# Any two natural transformations between identity functors commute

category-theoryfunctorsnatural-transformations

Let $$\mathcal{C}$$ be a category, $$id_\mathcal{C}:\mathcal{C} \to \mathcal{C}$$ the identity functor.
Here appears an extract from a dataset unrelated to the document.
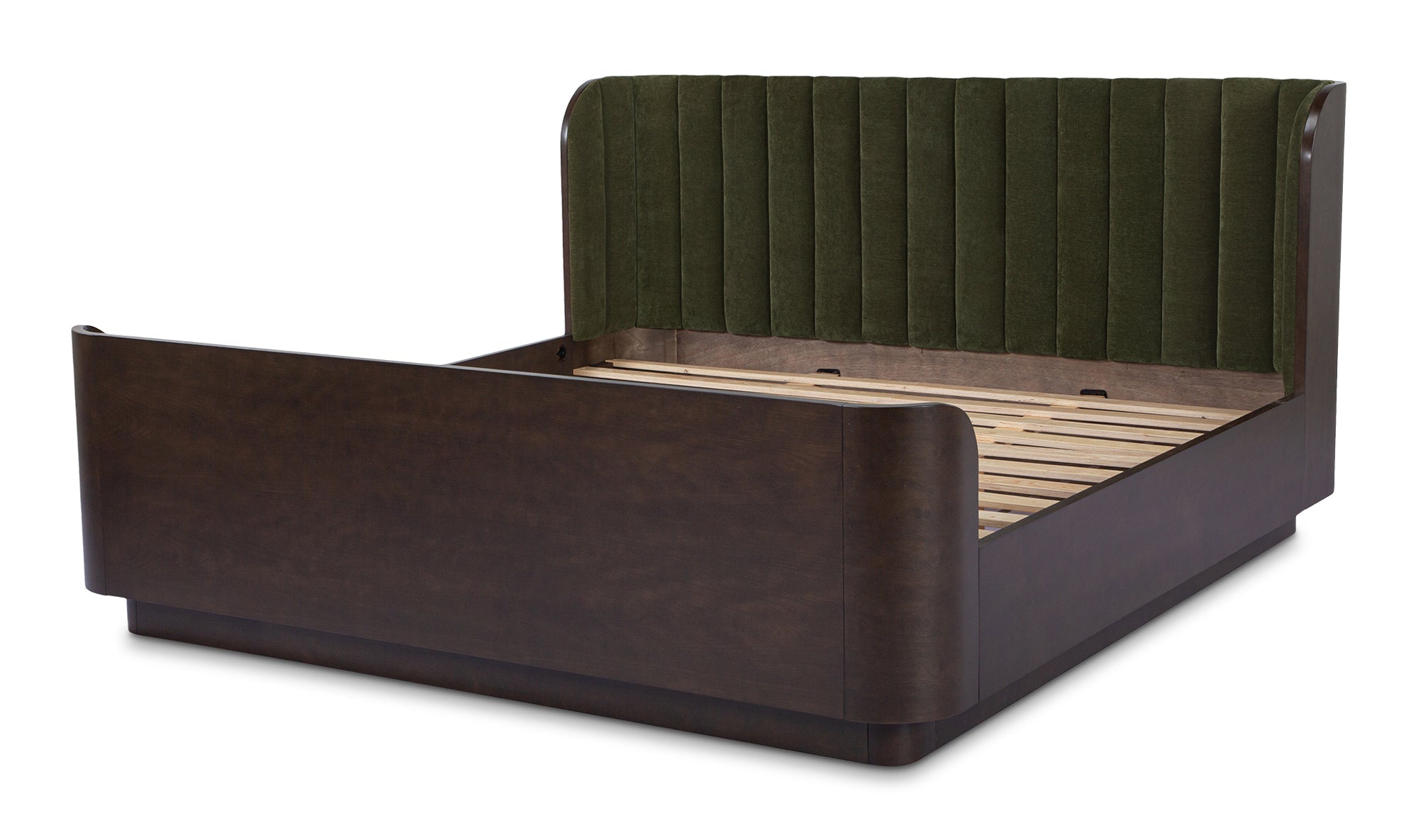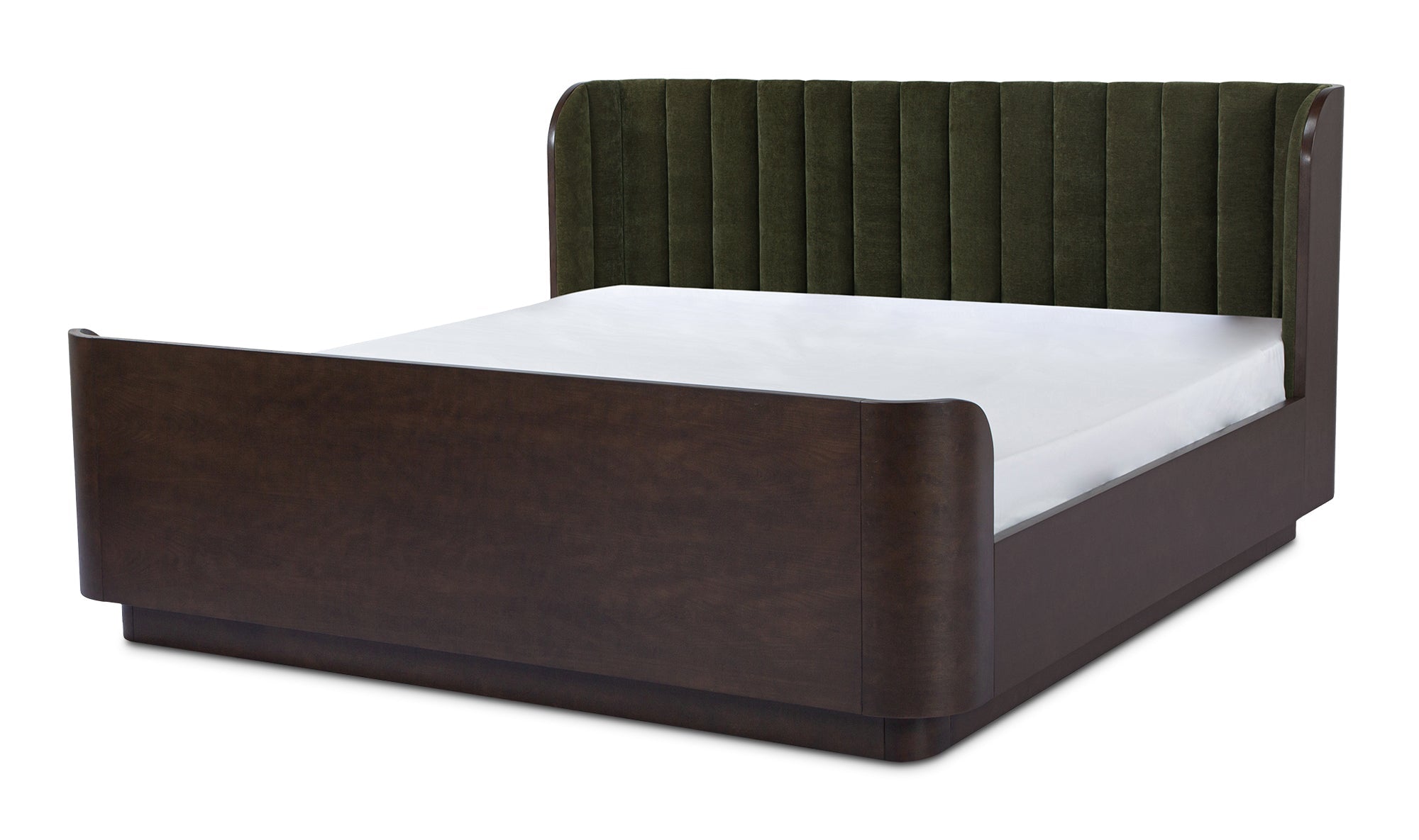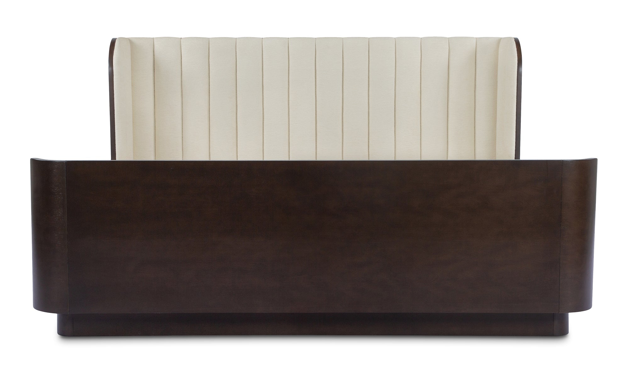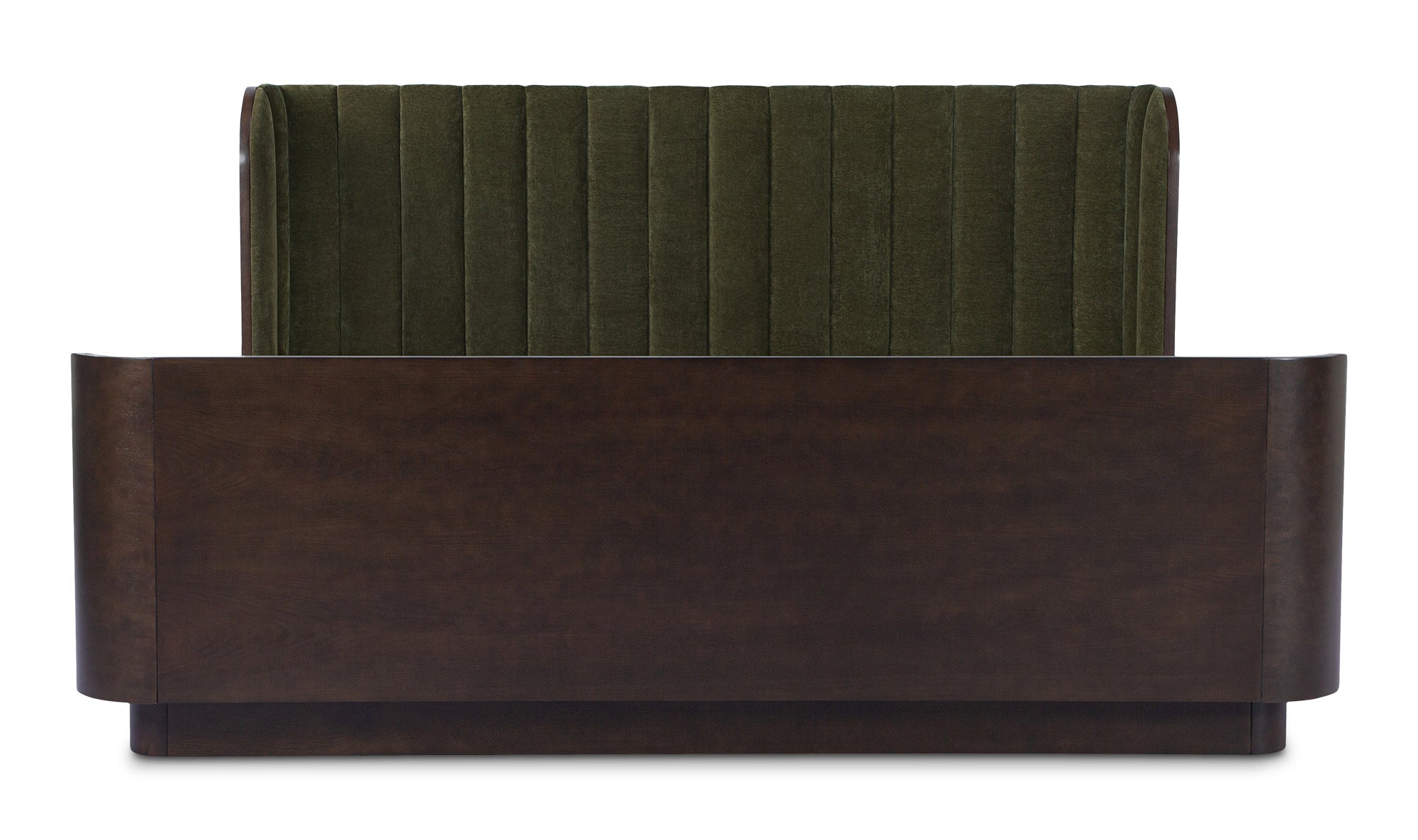 Curved cocoon-like headboard creates a cozy, enveloping feel

Prove that for any two natural transformations $$\alpha, \beta : id_\mathcal{C} \Rightarrow id_\mathcal{C}$$,
$$\alpha \circ \beta = \beta \circ \alpha.$$

Here is my solution:

Note that (is this step correct?) $$\; \forall f:c \to d$$ in $$\mathcal{C}$$, $$f \circ (\alpha_{c} \circ \beta_{c}) = (\beta_{d} \circ \alpha_{d}) \circ f, \quad f \circ (\beta_{c} \circ \alpha_{c}) = (\alpha_{d} \circ \beta_{d}) \circ f.$$

Since $$\alpha \circ \beta$$ and $$\beta \circ \alpha$$ are natural transformations (via vertical compositions), we have $$f \circ (\alpha_{c} \circ \beta_{c}) = (\alpha_{d} \circ \beta_{d}) \circ f, \quad f \circ (\beta_{c} \circ \alpha_{c}) = (\beta_{d} \circ \alpha_{d}) \circ f.$$
Therefore, $$f \circ (\alpha_{c} \circ \beta_{c}) = f \circ (\beta_{c} \circ \alpha_{c}), \quad (\alpha_{d} \circ \beta_{d}) \circ f = (\beta_{d} \circ \alpha_{d}) \circ f.$$
It follows that (is this step correct?) $$\alpha_{c} \circ \beta_{c} = \beta_{c} \circ \alpha_{c} \; \forall c \in \mathcal{C}, \; \alpha_{d} \circ \beta_{d} = \beta_{d} \circ \alpha_{d} \; \forall d \in \mathcal{C} \; \Rightarrow \; \alpha \circ \beta = \beta \circ \alpha.$$

Consider the diagram $$\require{AMScd}$$ $$\begin{CD} C @>{\alpha_C}>> C \\ @V{\beta_C}VV @VV{\beta_C}V \\ C @>{\alpha_C}>> C. \end{CD}$$ Regard $$\beta_C$$ as just any morphism. Apply the naturality of $$\alpha_C.$$